By analyzing existing cross correlation between Teqnion AB and Lifco AB, you can compare the effects of market volatilities on Teqnion AB and Lifco AB and check how they will diversify away market risk if combined in the same portfolio for a given time horizon. You can also utilize pair trading strategies of matching a long position in Teqnion AB with a short position of Lifco AB. Check out your portfolio center. Please also check ongoing floating volatility patterns of Teqnion AB and Lifco AB.

Diversification Opportunities for Teqnion AB and Lifco AB

0.47
  Correlation Coefficient

Very weak diversification

The 3 months correlation between Teqnion and Lifco is 0.47. Overlapping area represents the amount of risk that can be diversified away by holding Teqnion AB and Lifco AB in the same portfolio, assuming nothing else is changed. The correlation between historical prices or returns on Lifco AB and Teqnion AB is a relative statistical measure of the degree to which these equity instruments tend to move together. The correlation coefficient measures the extent to which returns on Teqnion AB are associated (or correlated) with Lifco AB. Values of the correlation coefficient range from -1 to +1, where. The correlation of zero (0) is possible when the price movement of Lifco AB has no effect on the direction of Teqnion AB i.e., Teqnion AB and Lifco AB go up and down completely randomly.

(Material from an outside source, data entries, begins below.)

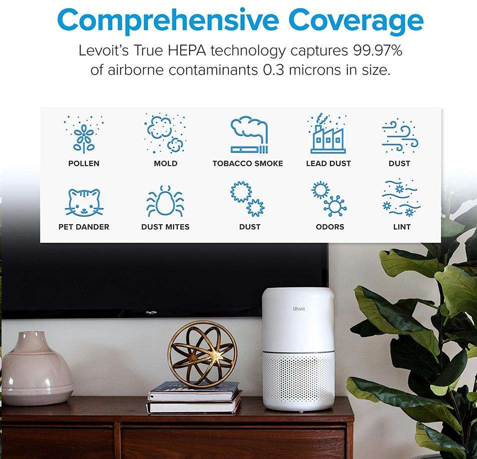 Druhou vrstvou je HEPA filtr H13. To odlišuje Levoit od konkurence, protože filtr HEPA H13 je mnohem kvalitnější a spolehlivější než běžně používané HEPA H11. Tu se odfiltrují jemné prachové částice, plíseň, bakterie, pyl, kouřové částice, roztoče a srst.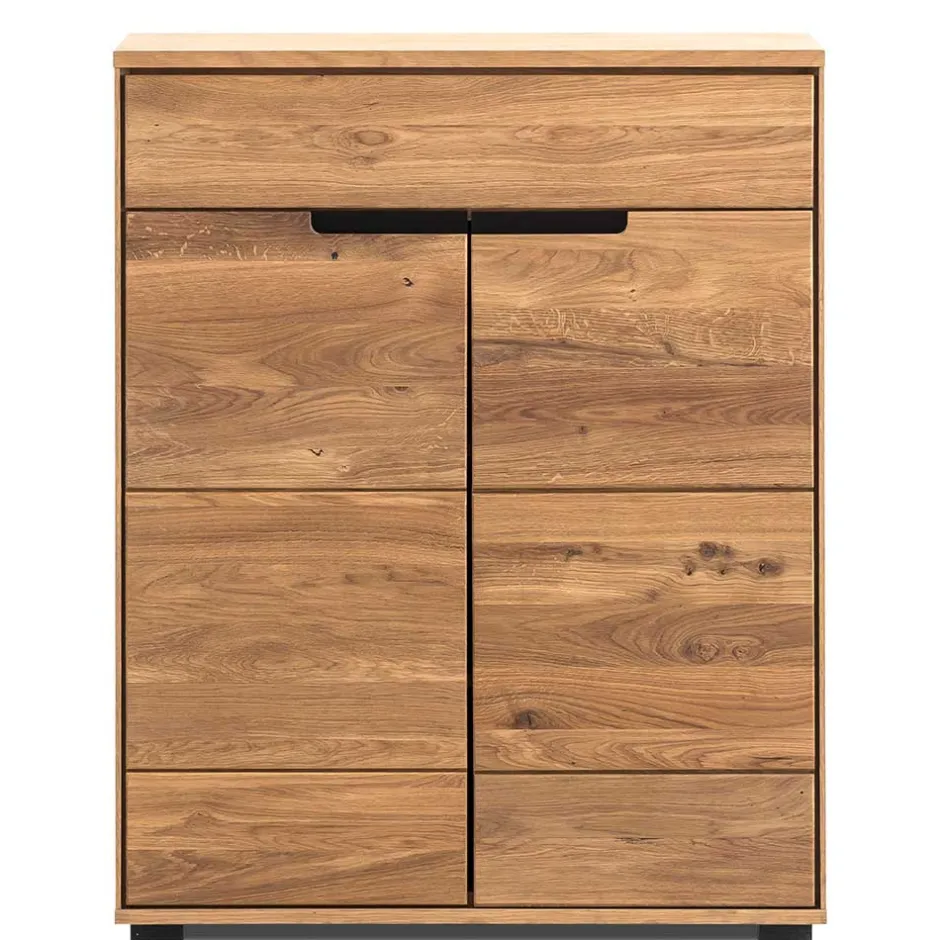 - Front aus massivem Eichenholz (durchgehende Lamelle), Korpus aus Holzwerkstoff gefertigt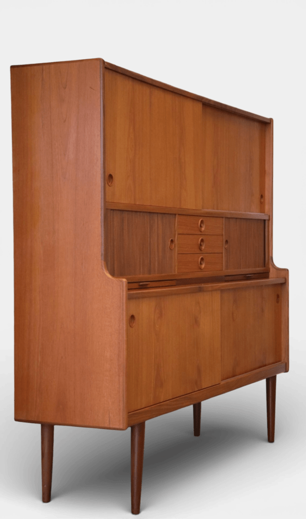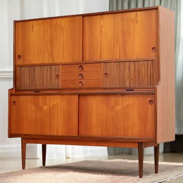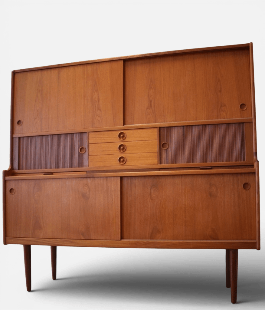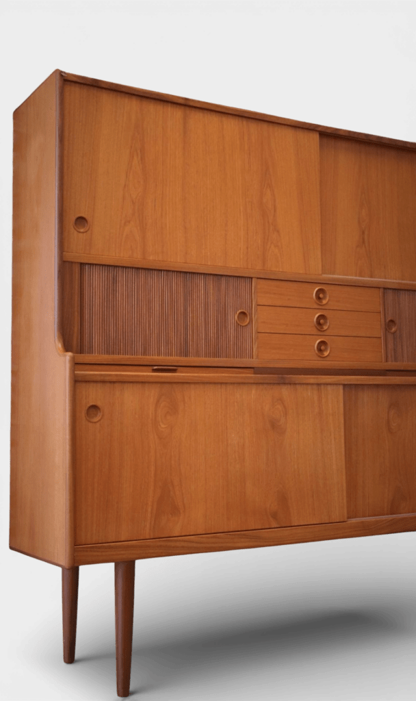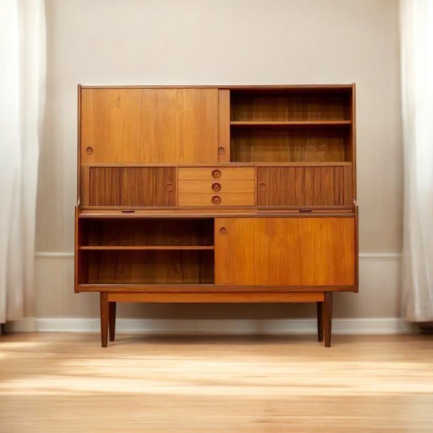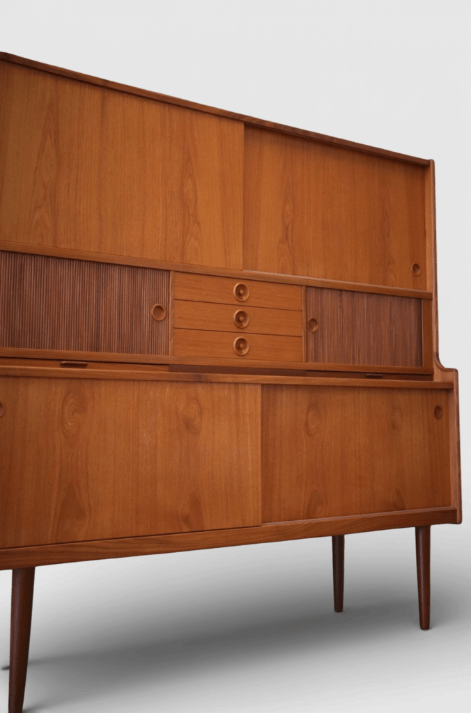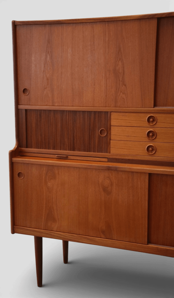 Johannes Andersen för J. Skaaning & Søn Møbelfabrik i Danmark. Ett stilrent och otroligt gediget skåp i teak med barskåp, skjutluckor, jalusiluckor och generöst med förvaring.

Pair Corralation between Teqnion AB and Lifco AB

Assuming the 90 days trading horizon Teqnion AB is expected to under-perform the Lifco AB. But the stock apears to be less risky and, when comparing its historical volatility, Teqnion AB is 1.38 times less risky than Lifco AB. The stock trades about -0.2 of its potential returns per unit of risk. The Lifco AB is currently generating about -0.02 of returns per unit of risk over similar time horizon. If you would invest  34,040  in Lifco AB on September 2, 2024 and sell it today you would lose (940.00) from holding Lifco AB or give up 2.76% of portfolio value over 90 days.
Time Period3 Months [change]
DirectionMoves Together 
StrengthWeak
Accuracy100.0%
ValuesDaily Returns

Teqnion AB  vs.  Lifco AB

 Performance 
       Timeline  
Teqnion AB 

Risk-Adjusted Performance

0 of 100

 
Weak
 
Strong
Very Weak
Over the last 90 days Teqnion AB has generated negative risk-adjusted returns adding no value to investors with long positions. In spite of weak performance in the last few months, the Stock's basic indicators remain comparatively stable which may send shares a bit higher in January 2025. The newest uproar may also be a sign of mid-term up-swing for the firm private investors.
Lifco AB 

Risk-Adjusted Performance

0 of 100

 
Weak
 
Strong
Very Weak
Over the last 90 days Lifco AB has generated negative risk-adjusted returns adding no value to investors with long positions. Despite somewhat strong fundamental indicators, Lifco AB is not utilizing all of its potentials. The newest stock price disturbance, may contribute to short-term losses for the investors.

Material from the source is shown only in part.